→ PROBLEM REQUIREMENTS:
Output all entries exactly; images excluded.

======== DATA TO PROCESS

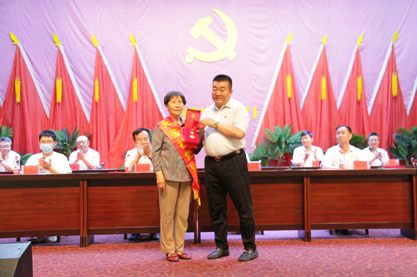 集團(tuán)公司董事長(zhǎng)代良云為具有50年黨齡的老黨員頒發(fā)獎(jiǎng)?wù),感謝她們充分發(fā)揮黨員模范帶頭作用,幾十年如一日對(duì)企業(yè)做出無私的奉獻(xiàn)。
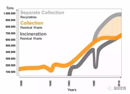 1960 年左右,二戰(zhàn)后的維也納經(jīng)濟(jì)復(fù)蘇,伴隨著人口增長,加上包裝行業(yè)新起,垃圾數(shù)量迅速增長。也是在那個時間段,維也納開始焚燒垃圾,并且在 1980 年代開始將垃圾區(qū)分為可回收和不可回收。此后垃圾數(shù)量有增無減,直到2016年才相對穩(wěn)定。
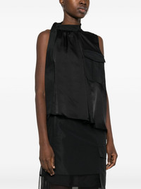 asymmetric satin top Highlights - Black - Satin finish - Semi-sheer construction - Asymmetric design - Stand-up collar - Sleeveless - Chest flap pocket - Pleat detailing to the rear - Unlined - High-low hem - Press-stud fastening at the shoulder Imported Composition Polyester 100% SIZE & FIT Model measurements Height 5 ft 11 in(1.8 m) Bust/Chest 32.67 in(83 cm) Hips 36.22 in(92 cm) Waist 24.4 in(62 cm) FittingInformation Designed to be unstructured, offering a loose fit throughout Made from a lightweight non-stretch fabric This piece fits true to size – take your usual size Washing instructions Dry Clean Only
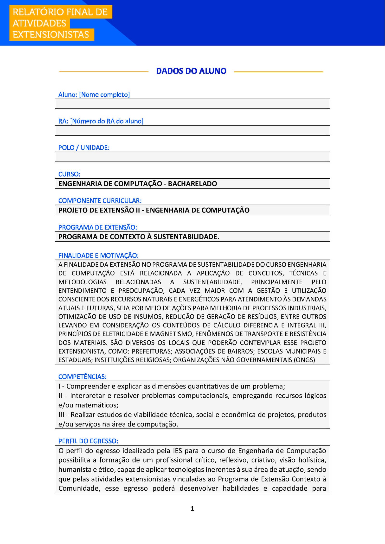 Aluno e Aluna, após realizar suas atividades de extensão, é necessário que você o formalize, enviando esse Relatório Final para ser avaliado junto ao seu Ambiente Virtual (AVA) e também para você poder comprovar sua atuação.
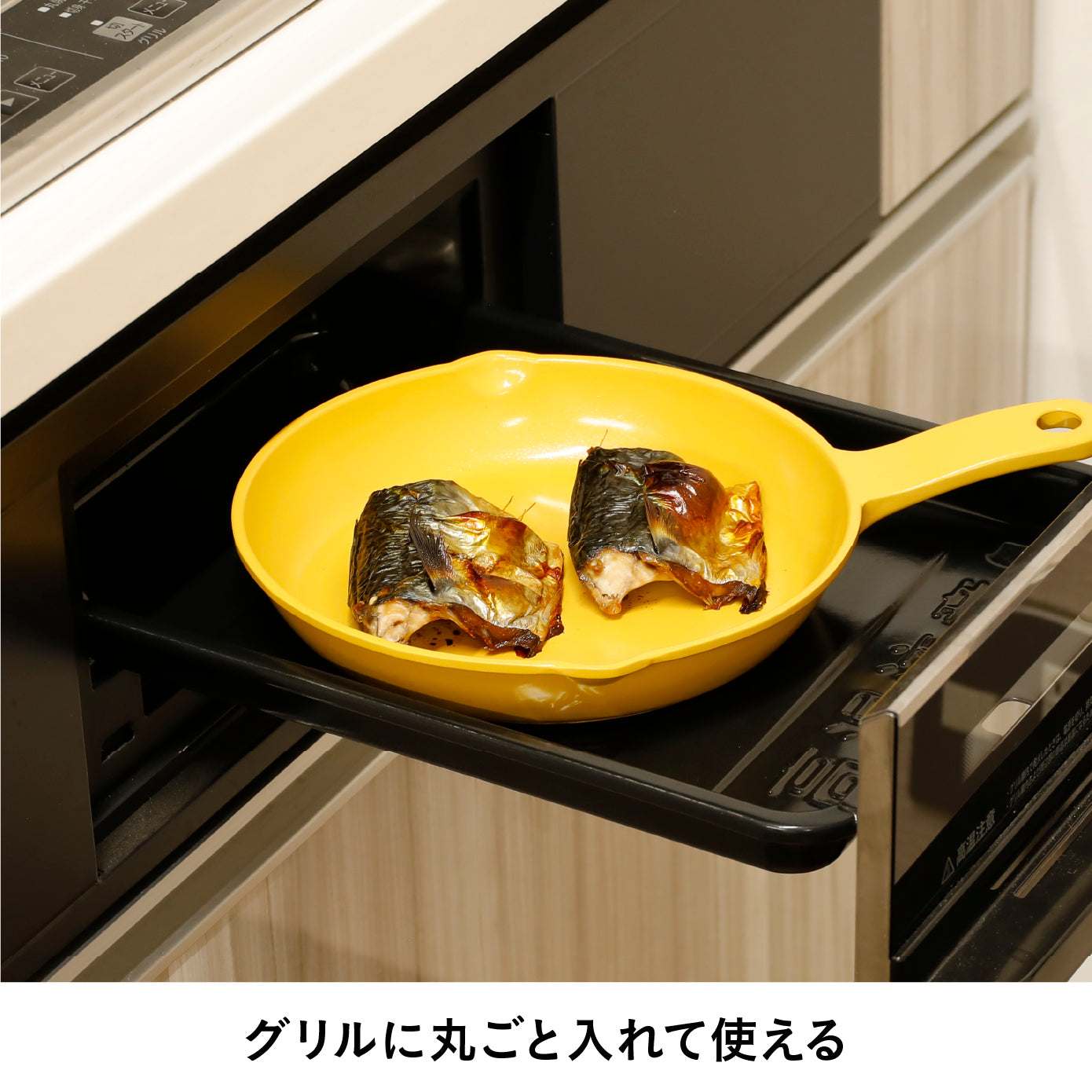 ポップで明るい色合いのため、調理後はそのまま食卓に並べてプレートとしても使用可能。食卓をいつも以上に華やかにしてくれます。これ一つあれば、焼き物からオーブン料理まで多彩な料理をお楽しみいただけます。

================

→ REPLY:
 集團(tuán)公司董事長(zhǎng)代良云為具有50年黨齡的老黨員頒發(fā)獎(jiǎng)?wù),感謝她們充分發(fā)揮黨員模范帶頭作用,幾十年如一日對(duì)企業(yè)做出無私的奉獻(xiàn)。
 1960 年左右,二戰(zhàn)后的維也納經(jīng)濟(jì)復(fù)蘇,伴隨著人口增長,加上包裝行業(yè)新起,垃圾數(shù)量迅速增長。也是在那個時間段,維也納開始焚燒垃圾,并且在 1980 年代開始將垃圾區(qū)分為可回收和不可回收。此后垃圾數(shù)量有增無減,直到2016年才相對穩(wěn)定。
 asymmetric satin top Highlights - Black - Satin finish - Semi-sheer construction - Asymmetric design - Stand-up collar - Sleeveless - Chest flap pocket - Pleat detailing to the rear - Unlined - High-low hem - Press-stud fastening at the shoulder Imported Composition Polyester 100% SIZE & FIT Model measurements Height 5 ft 11 in(1.8 m) Bust/Chest 32.67 in(83 cm) Hips 36.22 in(92 cm) Waist 24.4 in(62 cm) FittingInformation Designed to be unstructured, offering a loose fit throughout Made from a lightweight non-stretch fabric This piece fits true to size – take your usual size Washing instructions Dry Clean Only
 Aluno e Aluna, após realizar suas atividades de extensão, é necessário que você o formalize, enviando esse Relatório Final para ser avaliado junto ao seu Ambiente Virtual (AVA) e também para você poder comprovar sua atuação.
 ポップで明るい色合いのため、調理後はそのまま食卓に並べてプレートとしても使用可能。食卓をいつも以上に華やかにしてくれます。これ一つあれば、焼き物からオーブン料理まで多彩な料理をお楽しみいただけます。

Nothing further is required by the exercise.